Friday 8 August 2008

Prom 30: Harlem TanzMuzik

I hope Michael Torke’s ‘Javelin’ is the last we’ll hear of the Olympics around here. Programmatic spun sugar soundtrack music with occasional podium fanfares. Agincourt from Henry V made pretty-pretty. It was timed at 8 minutes, or a bit more than 3000m, but seemed to take as long as a marathon. “The Ravel of his generation” the presenter called the composer. What generation would that be, I wonder? Not one I’ve so far belonged to, or would want to in whatever future I have left.

We might, the same presenter said, in a cloyingly sing-song tone have heard the influence of John Adams. We might, I’m damned if I could. Not even out of ‘The Chairman Dances’ which the BBC’s National Orchestra of Wales played with true Swing style, if not quite Adams’s. It had a foot-tapping joyfulness, if rather played on a single level, and even if it did get a little confused in places, it was truly enjoyable. And downright great fun.

In her interview, Han-na Chang displayed an unnervingly ‘New Age’, unsophisticated and somewhat confused conception of Bernstein’s ‘Three Meditations’, showing a total failure to grasp the difference between irony and sarcasm, and whatever role the emotion of ‘bitterness’ might have in either. That probably explains why despite the orchestra’s attempts to get in a little of the atmosphere of West Side Story or On The Town as Indian raga and her competent playing, all three failed to be emotionally convincing or inspiring. Clearly, the soloist and orchestra were just not on the same wavelength, which after that interview didn’t surprise me.

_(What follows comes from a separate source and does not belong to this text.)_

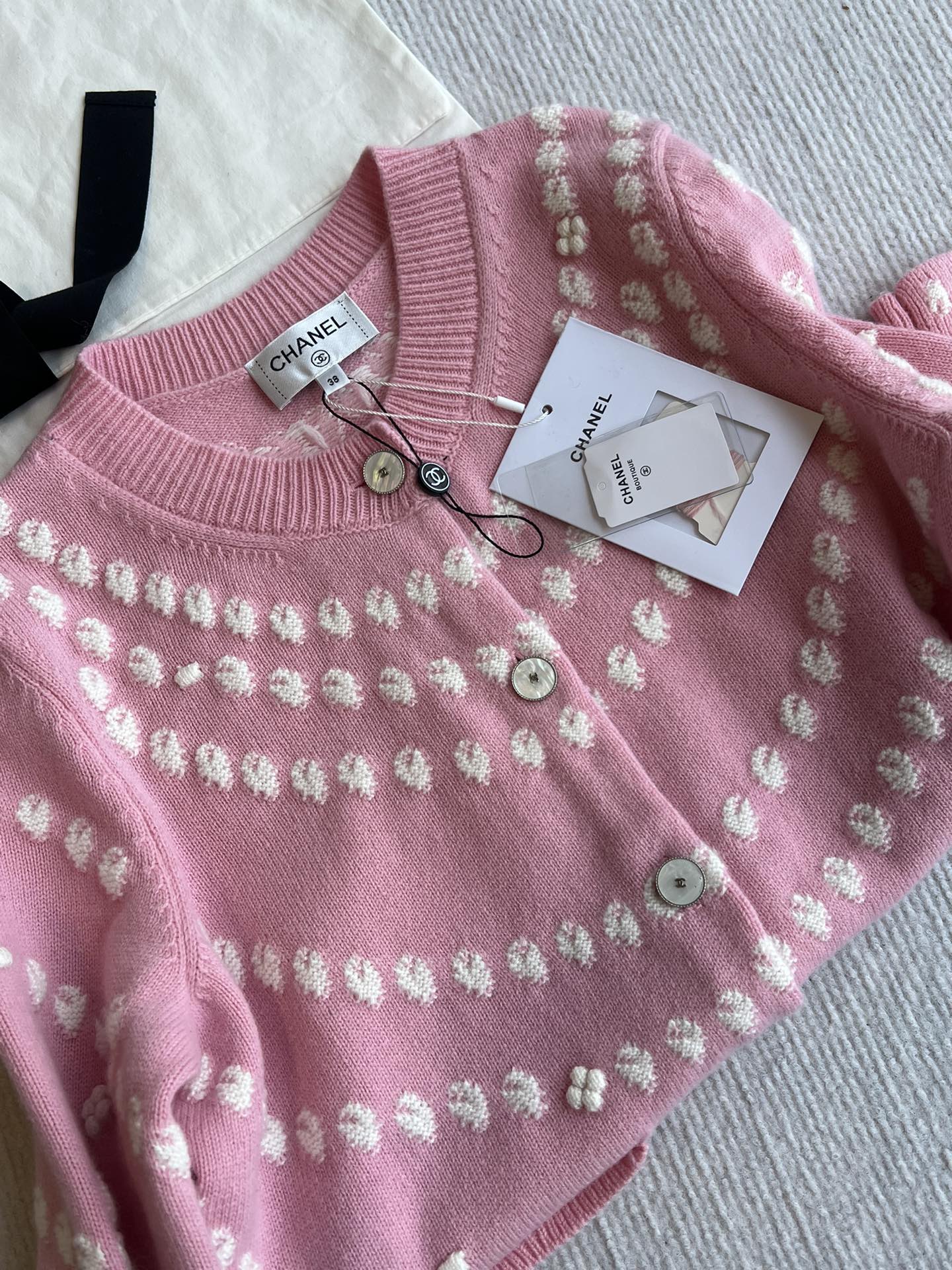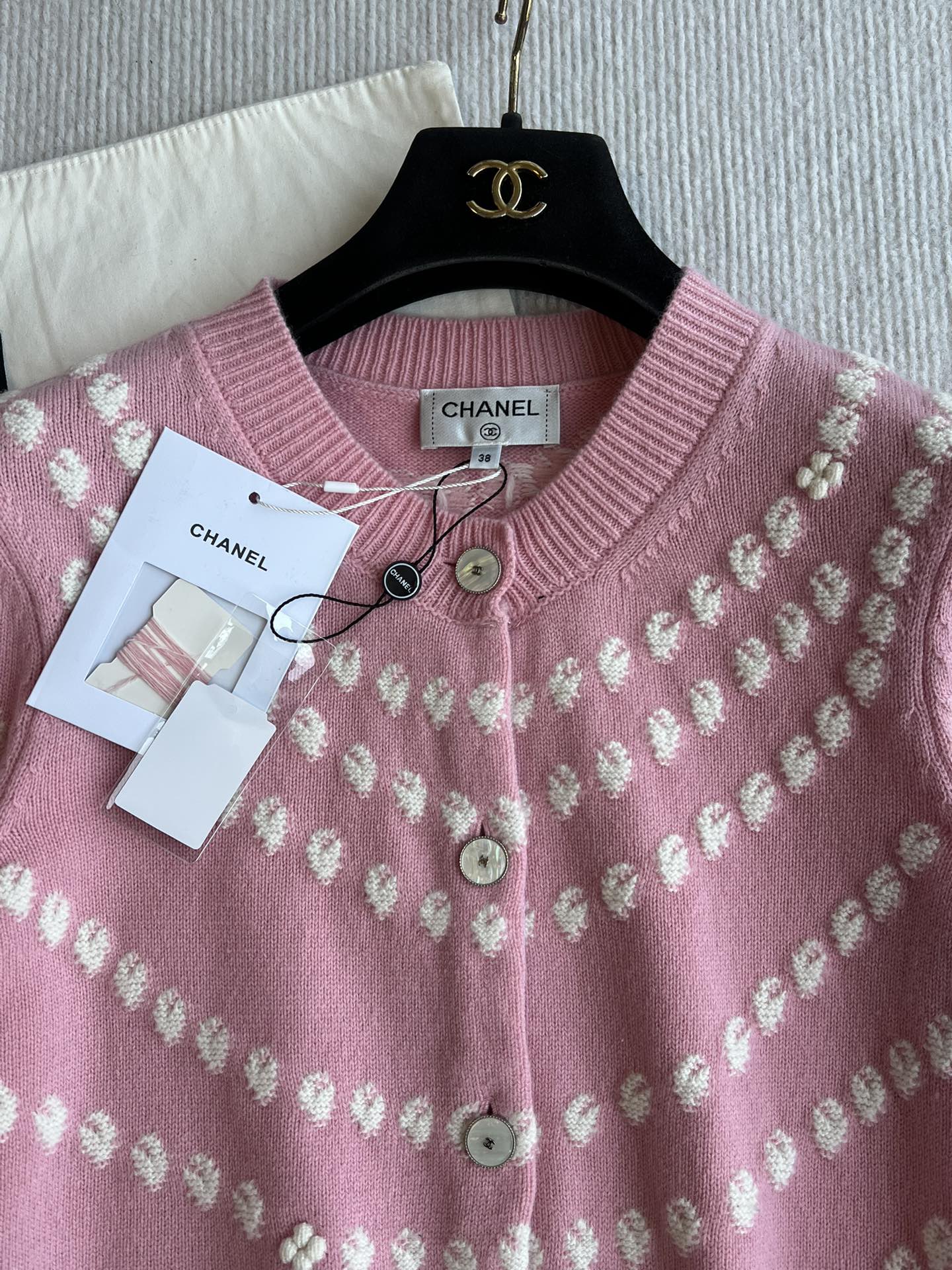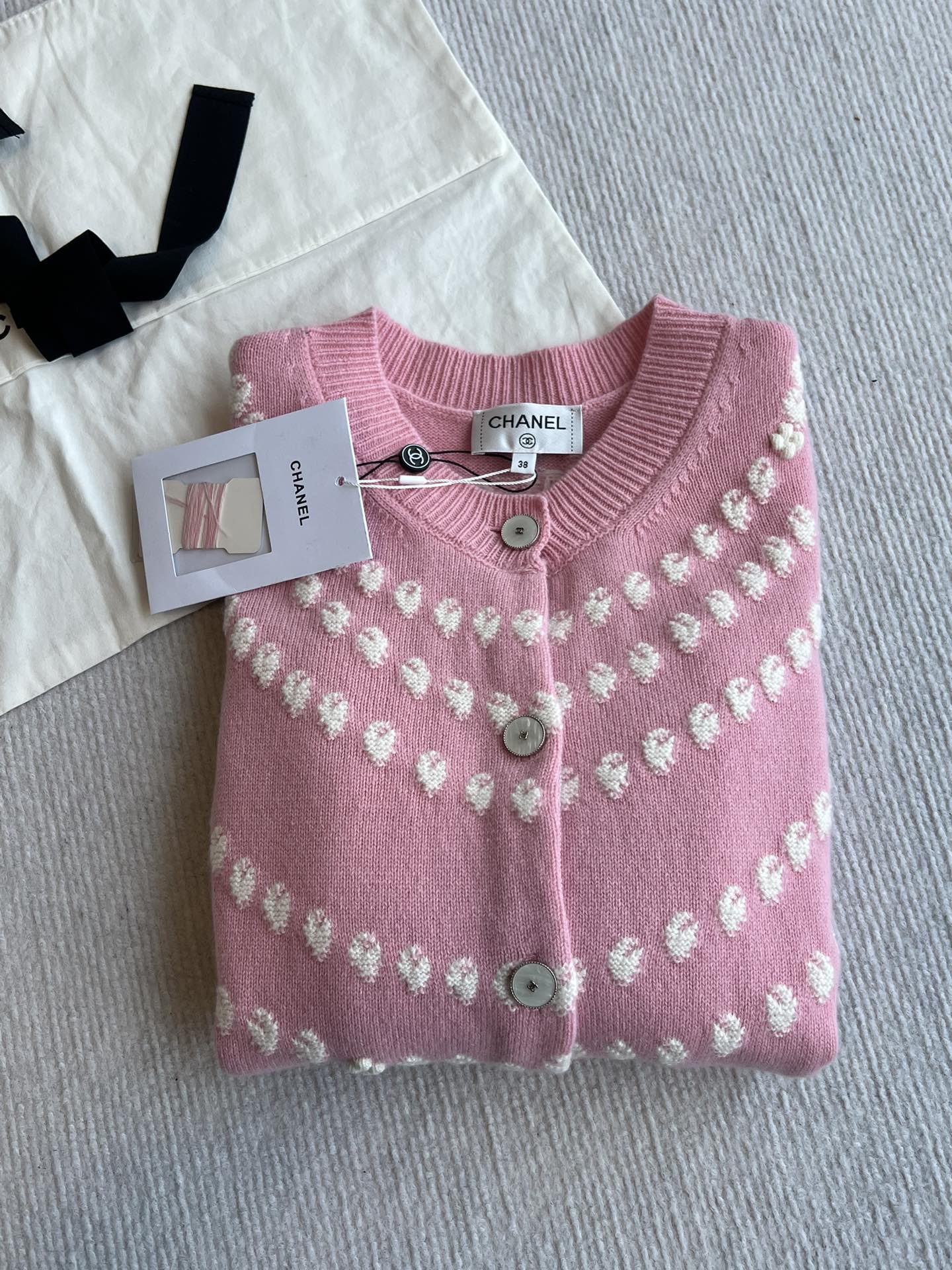 Chanel 25P Cardigan Pink Mix White Cashmere 229516

Bernstein got into Ellington’s Harlem, too. Or at least his ‘Prelude, Fugue and Riffs’ got into the first bars, along with a rather unnerving touch of Gershwin. This had to be Kristjan Jarvi, pushing it, surely. As must have been the few bars ‘tribute’ to ‘The Stripper’? It’s a long time since I last heard Harlem, but I don’t recall those being that marked.

As it did in the John Adams, it turned out that the BBCNOOW could swing very nicely indeed, but I have heard it, if not sounding quite so much pure Ellington as they did in places (which I really loved!) a little less derivative as it did at times. The soloists were superb, especially the five saxes, the percussionists tremendously vivacious. The band was really on a roll by the end. I think Ellington would have engaged the lot of them on the spot. Great fun, again.

The audience cheered and stamped—I’m not surprised—and were rewarded by a raucous encore with the band going absolutely wild. (To the extent I wish they’d been allowed to let their hair down like that earlier.) That was almost the best part of the concert.

(And then, someone in the R3 presenter's suite, who'd obviously been listening, decided to keep up the mood before the late-night jazz programme, which it made a trifle late starting, with an amazingly rollicking Rimsky Cappricio Espagnole for piano duo . . .it's on Linn CD—probably the only time I'll give a nod to hi-fi here!—but obviously you all probably missed it and it's worth a try.)

R3 (relay)

Prom 30: Michael Torke: Javelin; John Adams: The Chairman Dances; Bernstein: Three Meditations; Ellington: Harlem

I never, ever, want to hear that presenter (Geoffrey Smith?) again. He may not have meant to, but he sounded patronising, and none of us need to be reminded twice before and three times after short pieces, that a Prom concert is coming from the Albert Hall. I think, three weeks in and thirty concerts, we’ve all just about grasped that. Anyway, on radio, why does it matter? And each time, he was nearly overtaken by the conductor’s up beat before he’d finished talking, which, as you know, I hate. I didn't count the number of times he mentioned the bloody Olympics, but it was too many.